▶ WHAT YOU WILL DO: Pictures excluded, return the lines below from the first through the line holding "VASTO lõikelaud on".
(DATA)
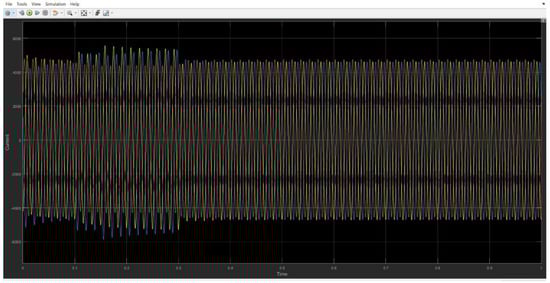 The grid voltage analysis is denoted in Figure 12. The oscillation is represented in a varied range of colors such that the oscillations and deviations of voltage flow could easily be identified from this variation. However, in this, the fluctuation is eradicated and the grid voltage is maintained without any oscillations during transmission. In this, the fluctuation of power is eliminated by maintaining the voltage power.
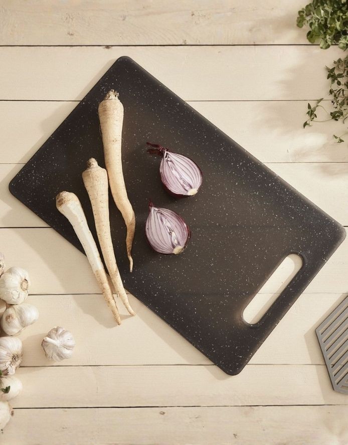VASTO lõikelaud on aksessuaar, mis ühendab funktsionaalsuse ja esteetika. See on valmistatud tumehallist värvist, selle pinnal on väikesed valged täpid.
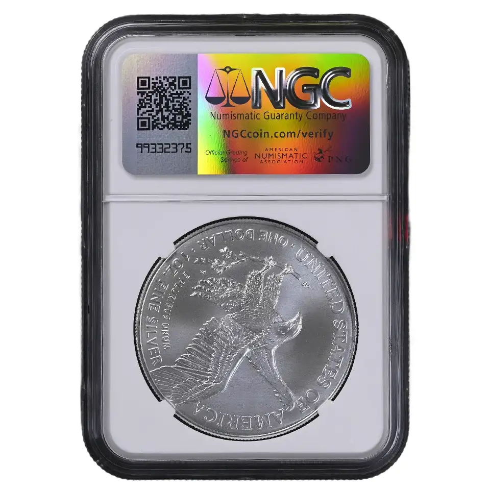 Her får du en ettertraktet 2024-utgave av American Silver Eagle-mynten, produsert ved West Point-anlegget og innkapslet i NGC-slab med “Early Releases” (ER)-merke og eksklusiv “Made in The USA” label. Mynten er gradert MS-69 — nær perfekt stand — og dermed et svært sterkt objekt for både samlere og investorer.
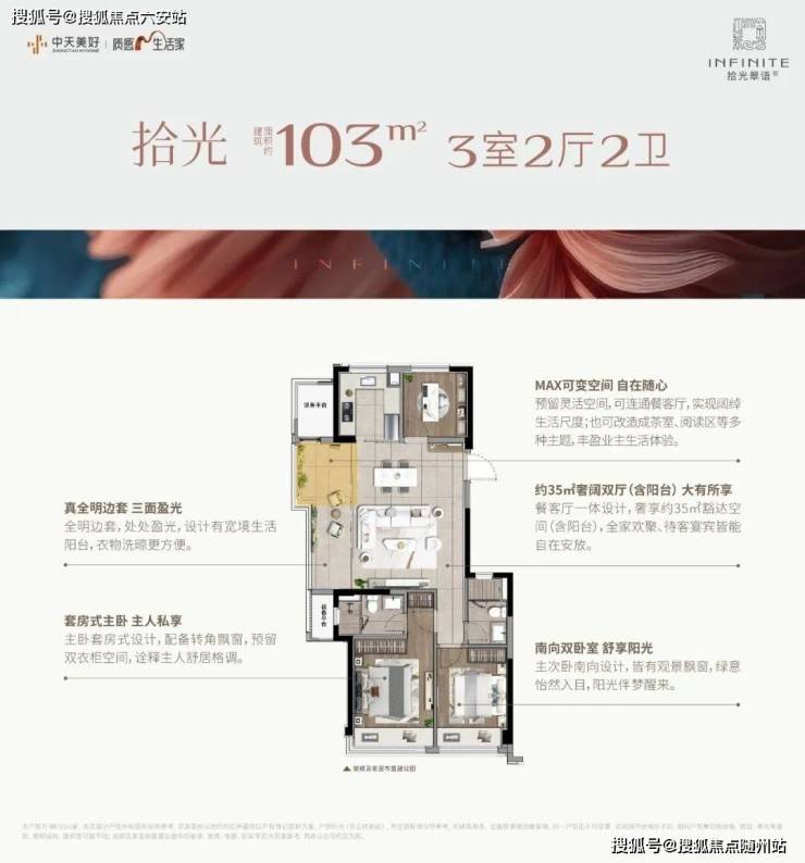 建面约103㎡的边套更是堪称神迹,将小户型的空间魔法玩到了极致。客厅到阳台的地面、天花直接拉通,甚至两侧的墙垛都已隐身,整个餐客厅面积达到约35㎡(含阳台),这可是140㎡以上大宅才有的空间感!
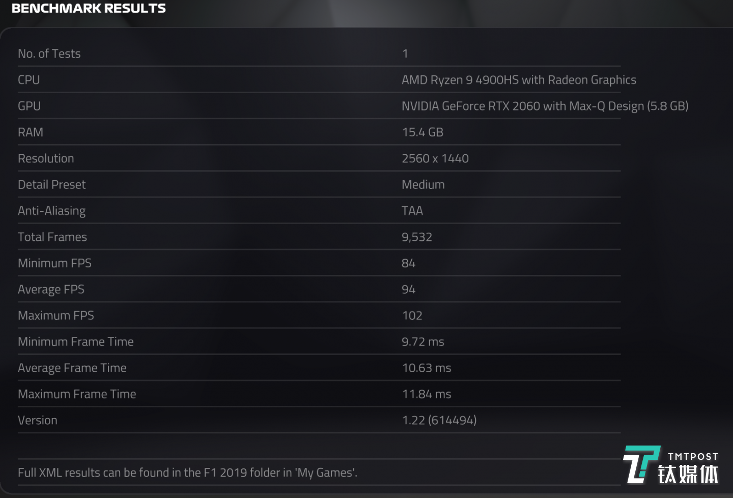 《F1 2019》測試結(jié)果
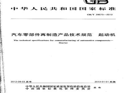 进口再制造用途机电产品检验技术要求第3部分:汽车起动机、发电机
(End DATA)
▶ REPLY:
 The grid voltage analysis is denoted in Figure 12. The oscillation is represented in a varied range of colors such that the oscillations and deviations of voltage flow could easily be identified from this variation. However, in this, the fluctuation is eradicated and the grid voltage is maintained without any oscillations during transmission. In this, the fluctuation of power is eliminated by maintaining the voltage power.
VASTO lõikelaud on aksessuaar, mis ühendab funktsionaalsuse ja esteetika. See on valmistatud tumehallist värvist, selle pinnal on väikesed valged täpid.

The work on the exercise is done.